§ Exercise requirements:
Give the entries below again, word for word, and leave out the images.

§ Source data:
-*-

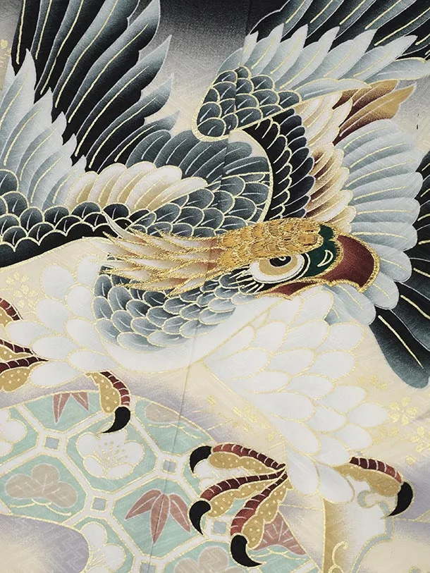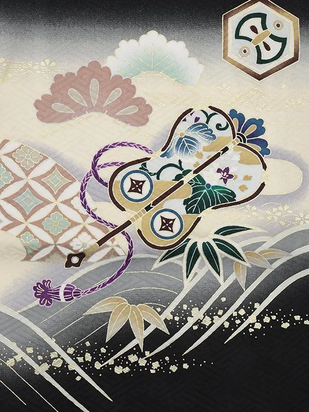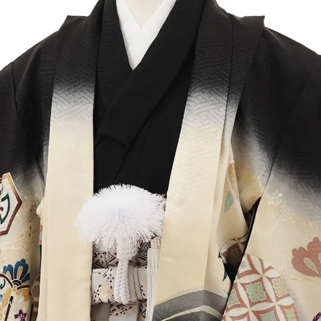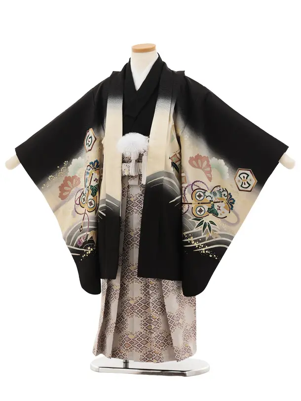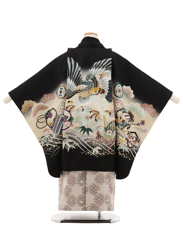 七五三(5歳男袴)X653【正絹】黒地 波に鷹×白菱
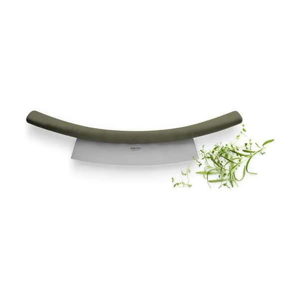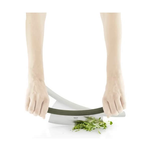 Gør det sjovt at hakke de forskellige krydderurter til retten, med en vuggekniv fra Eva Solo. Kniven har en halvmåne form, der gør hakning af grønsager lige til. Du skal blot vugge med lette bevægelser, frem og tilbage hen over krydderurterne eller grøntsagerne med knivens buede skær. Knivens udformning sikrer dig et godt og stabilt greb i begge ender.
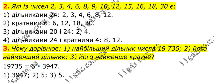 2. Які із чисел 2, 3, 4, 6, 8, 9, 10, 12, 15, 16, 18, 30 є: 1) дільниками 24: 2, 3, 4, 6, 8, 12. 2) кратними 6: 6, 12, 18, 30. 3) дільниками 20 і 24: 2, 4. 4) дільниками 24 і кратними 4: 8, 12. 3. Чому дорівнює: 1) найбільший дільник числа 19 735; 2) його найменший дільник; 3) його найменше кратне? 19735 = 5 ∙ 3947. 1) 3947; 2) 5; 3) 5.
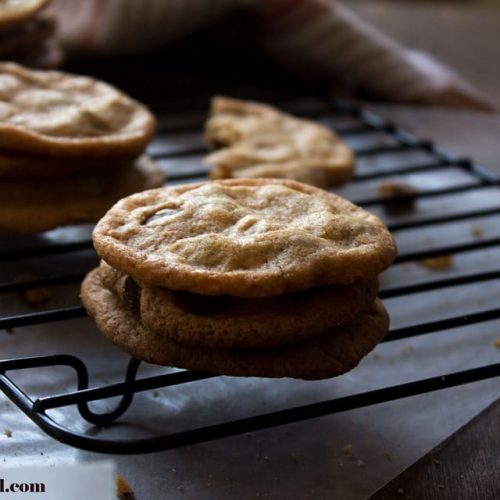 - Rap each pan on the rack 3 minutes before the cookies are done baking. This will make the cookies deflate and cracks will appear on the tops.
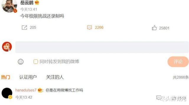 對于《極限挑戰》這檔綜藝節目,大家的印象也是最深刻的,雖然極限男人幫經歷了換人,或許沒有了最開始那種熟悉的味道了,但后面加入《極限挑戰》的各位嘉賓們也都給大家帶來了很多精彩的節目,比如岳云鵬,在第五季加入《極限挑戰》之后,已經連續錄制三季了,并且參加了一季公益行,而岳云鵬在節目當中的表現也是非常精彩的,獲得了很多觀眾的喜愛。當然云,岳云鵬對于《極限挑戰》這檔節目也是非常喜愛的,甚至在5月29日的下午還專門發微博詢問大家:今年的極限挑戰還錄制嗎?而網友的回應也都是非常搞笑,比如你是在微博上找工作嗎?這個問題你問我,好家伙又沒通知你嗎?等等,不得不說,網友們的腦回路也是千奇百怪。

-*-

§ Written answer:
 七五三(5歳男袴)X653【正絹】黒地 波に鷹×白菱
 Gør det sjovt at hakke de forskellige krydderurter til retten, med en vuggekniv fra Eva Solo. Kniven har en halvmåne form, der gør hakning af grønsager lige til. Du skal blot vugge med lette bevægelser, frem og tilbage hen over krydderurterne eller grøntsagerne med knivens buede skær. Knivens udformning sikrer dig et godt og stabilt greb i begge ender.
 2. Які із чисел 2, 3, 4, 6, 8, 9, 10, 12, 15, 16, 18, 30 є: 1) дільниками 24: 2, 3, 4, 6, 8, 12. 2) кратними 6: 6, 12, 18, 30. 3) дільниками 20 і 24: 2, 4. 4) дільниками 24 і кратними 4: 8, 12. 3. Чому дорівнює: 1) найбільший дільник числа 19 735; 2) його найменший дільник; 3) його найменше кратне? 19735 = 5 ∙ 3947. 1) 3947; 2) 5; 3) 5.
 - Rap each pan on the rack 3 minutes before the cookies are done baking. This will make the cookies deflate and cracks will appear on the tops.
 對于《極限挑戰》這檔綜藝節目,大家的印象也是最深刻的,雖然極限男人幫經歷了換人,或許沒有了最開始那種熟悉的味道了,但后面加入《極限挑戰》的各位嘉賓們也都給大家帶來了很多精彩的節目,比如岳云鵬,在第五季加入《極限挑戰》之后,已經連續錄制三季了,并且參加了一季公益行,而岳云鵬在節目當中的表現也是非常精彩的,獲得了很多觀眾的喜愛。當然云,岳云鵬對于《極限挑戰》這檔節目也是非常喜愛的,甚至在5月29日的下午還專門發微博詢問大家:今年的極限挑戰還錄制嗎?而網友的回應也都是非常搞笑,比如你是在微博上找工作嗎?這個問題你問我,好家伙又沒通知你嗎?等等,不得不說,網友們的腦回路也是千奇百怪。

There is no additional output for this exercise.